Tobias Bacherle, Grünen-Obmann im Digitalausschuss des Bundestags, warnte vor einem Scheitern der Regulierung: „Scheitert der AI Act, scheitert der verantwortungsvolle Einsatz von KI in der EU – und scheitert die EU im internationalen Wettlauf und ihrer Glaubwürdigkeit im Kampf um wertebasierte KI-Standards.“ Hinzu komme: Sollten nach der bevorstehenden Europawahl die rechten Parteien stärker vertreten sein, könnten „die bisherigen progressiven Verhandlungsergebnisse so nicht gehalten werden“.
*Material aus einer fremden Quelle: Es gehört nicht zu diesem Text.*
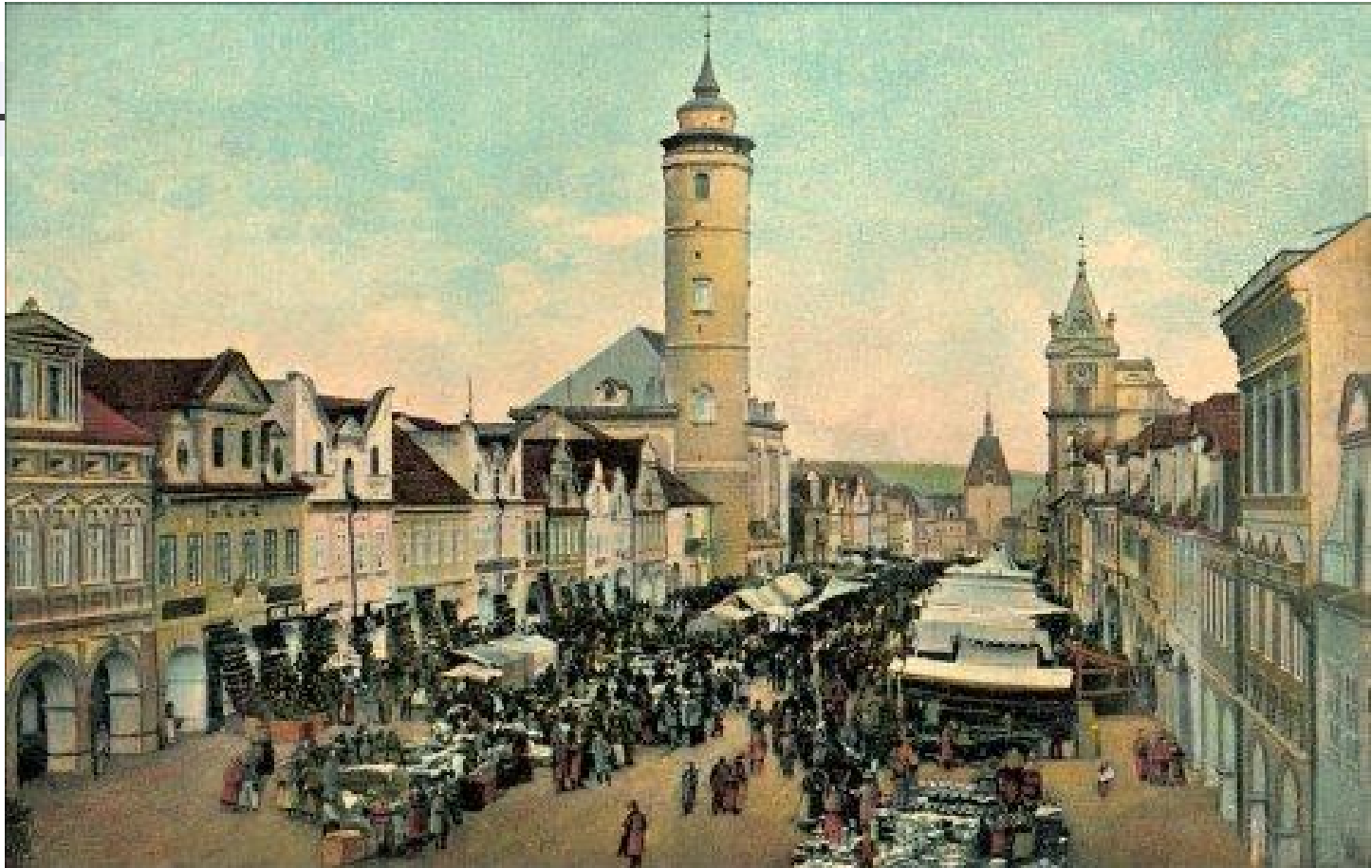
Město - středisko obchodu a řemesel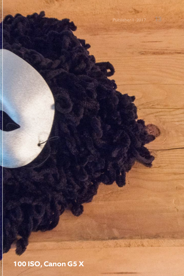
100 ISO, Canon G5 X

der Landschaft. Das Luminanz-Bildrauschen (Helligkeit) macht sich als Körnigkeit bemerkbar, das chromatische Bildrauschen tritt als Farbstörung auf. JPEG-Bilder verhalten sich bezüglich Farbe innerhalb der verschiedenen ISO-Einstellungen konstant neutral. RAW-Bilder zeigen ein anderes Verhalten. Bei der Entwicklung in Lightroom werden die schwarzen Tiefen (in der Perücke) bläulich «gepusht». Bei hohen ISO-Werten gibt es Nachteile, eine natürliche Farbwiedergabe ist erschwert und die Schärfe leidet. Je kleiner der Sensor bzw. die Pixel, desto stärker ist dieser Effekt. Die partielle Entsättigung einer solchen Farbstörung mittels Photoshop ist zwar möglich, aber wohl nicht jeder-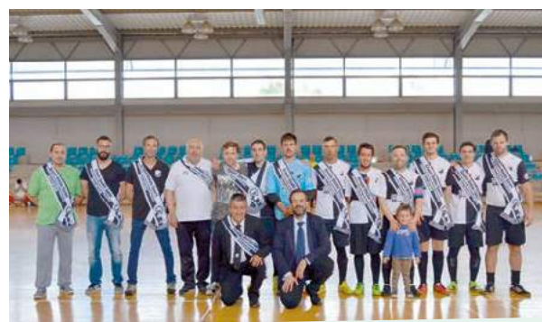
GUS Campeões Distritais de Futsal Sénior 17/18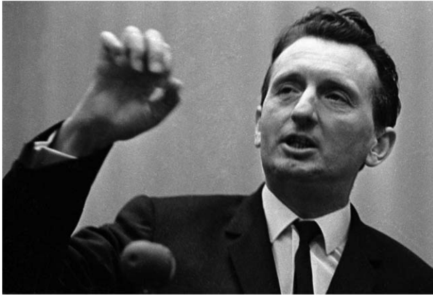
Alekszandr Mihajlovics Prohorov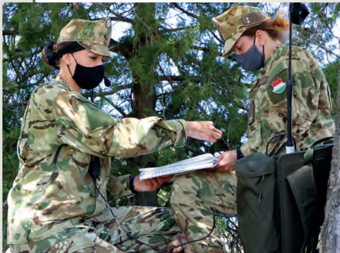
„Büszke vagyok Önökre!” 8. oldal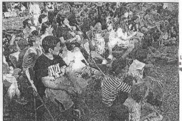
Le public a apprécié le spectacle.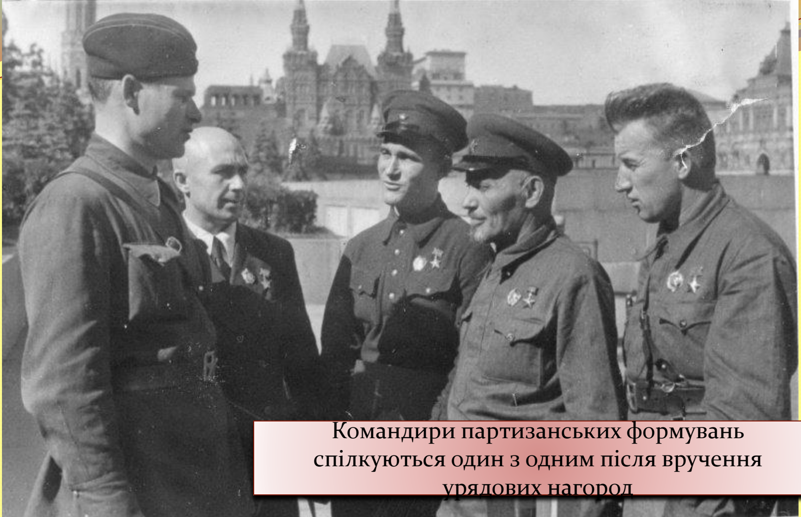
Командири партизанських формувань спілкуються один з одним після вручення урядових нагород

В кінці весни 1942 за зразкове виконання бойових завдань в тилу ворога, проявлений героїзм, Ковпак був удостоєний звання Героя Радянського Союзу, а його соратник Руднев, який відсидів термін перед війною як ворог народу, - орденом «Знак Пошани».

Ein Sprecher des Digital- und Verkehrsministeriums teilte mit, dass man aktuell noch keine endgültige Einschätzung zur Regulierung habe, der Vertragstext werde noch geprüft. Kriterien für die Bewertung seien aber „die Offenheit für Innovationen, ein geringer bürokratischer Aufwand für kleine und mittlere Unternehmen bei einer möglichen Umsetzung und die internationale Anschlussfähigkeit der Regeln“.
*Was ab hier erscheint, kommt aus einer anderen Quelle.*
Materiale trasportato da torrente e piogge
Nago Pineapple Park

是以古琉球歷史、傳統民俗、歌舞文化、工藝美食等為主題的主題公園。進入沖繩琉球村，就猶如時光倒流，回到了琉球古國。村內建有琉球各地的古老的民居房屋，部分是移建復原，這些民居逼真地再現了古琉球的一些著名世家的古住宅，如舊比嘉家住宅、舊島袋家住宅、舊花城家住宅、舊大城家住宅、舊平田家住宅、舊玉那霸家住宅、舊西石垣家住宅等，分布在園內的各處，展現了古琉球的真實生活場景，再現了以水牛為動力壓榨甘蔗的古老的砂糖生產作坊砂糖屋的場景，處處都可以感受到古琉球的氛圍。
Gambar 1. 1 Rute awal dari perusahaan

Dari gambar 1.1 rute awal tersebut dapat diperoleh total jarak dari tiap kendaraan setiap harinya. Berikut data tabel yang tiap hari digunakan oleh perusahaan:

Baldige Abstimmung erwartet

Die finale Abstimmung in der EU wird für die kommende Woche erwartet. Wenn nur Deutschland sich enthält, würde das Gesetz noch nicht kippen. Doch für eine Verabschiedung ist eine Zustimmungsquote nötig. Mindestens 55 Prozent der Mitgliedstaaten, das sind aktuell 15 Staaten mit einer Bevölkerung von mindestens 65 Prozent, müssen mit Ja votieren.

Sollten sich also bevölkerungsreiche Staaten enthalten oder mit Nein stimmen, wäre eine Mehrheit in Gefahr. Und Kritik gab es durchaus: So hatten sich in der Vergangenheit auch Frankreich und Italien gegen eine verbindliche Regulierung der Basismodelle ausgesprochen.